We can also look at the charging schedule in the FlexMeasures UI (reachable via the asset page for the battery):
Recall that we only asked for a 12 hour schedule here. We started our schedule after the high price peak (at 4am) and it also had to end before the second price peak fully realized (at 8pm).
Our scheduler didn’t have many opportunities to optimize, but it found some. This battery can fully charge in around an hour, and therefore, it runs two cycles. For instance, in the second cycle it buys at the lowest price (at 2pm) and sells it off at the highest price within the given 12 hours (at 6pm).
The battery’s graph dashboard shows both prices and the schedule.
Note
The flexmeasures add schedule command also accepts state-of-charge targets, so the schedule can be more sophisticated.
But that is not the point of this tutorial.

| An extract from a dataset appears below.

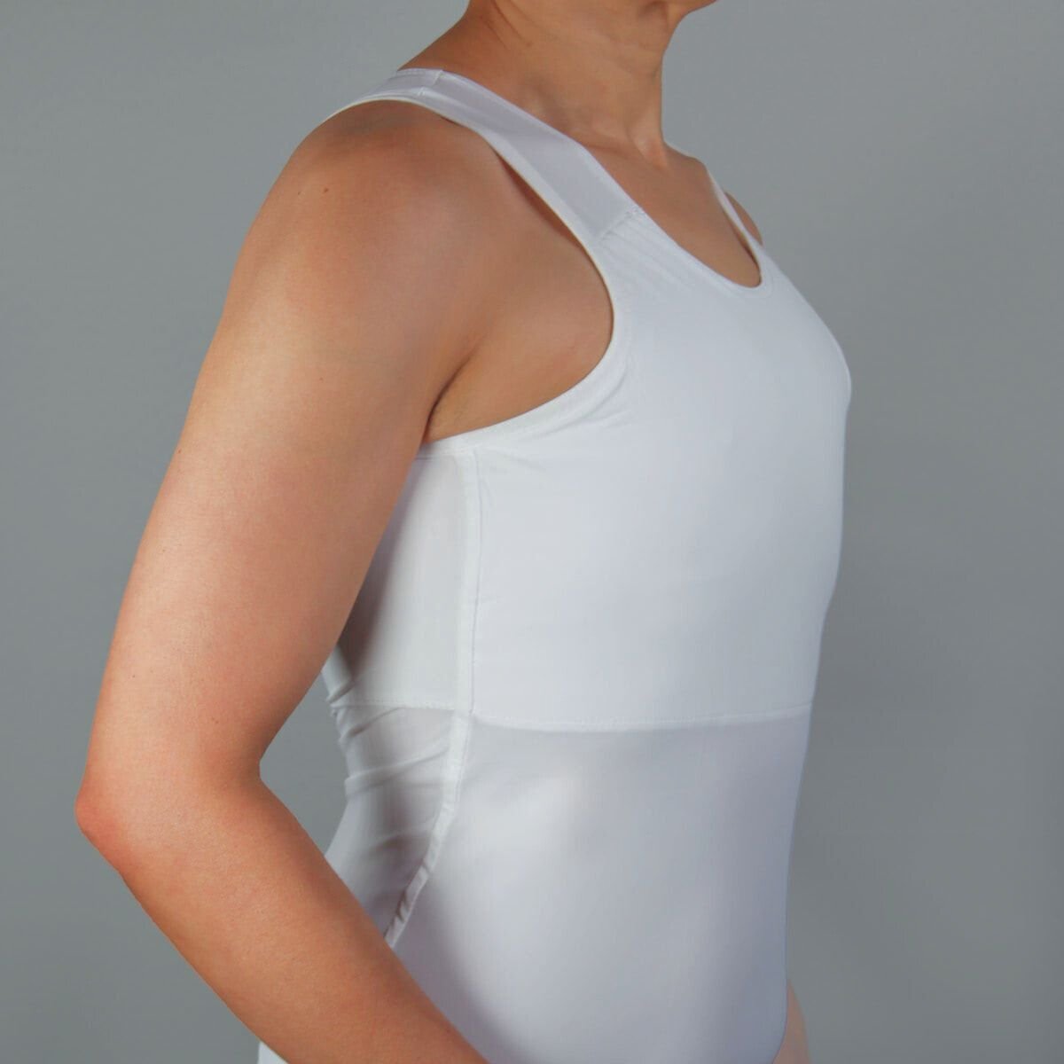 Sporty long binder with breathable back and elasticated rib. The mesh fabric on the back makes the binder very breathable, which makes it also great for an active lifestyle. The back is elastic and the front has a non-elastic, flattening lining at the chest, with the waist part elastic throughout.

See flexmeasures add schedule --help for available CLI options, Describing flexibility for all flex-model fields or check out the A flex-modeling tutorial for storage: Vehicle-to-grid for a tangible example of modelling storage constraints.
This tutorial showed the fastest way to a schedule. In Toy example II: Adding solar production, and a limit on the grid connection, we’ll go further into settings with more realistic ingredients: solar panels and a limited grid connection.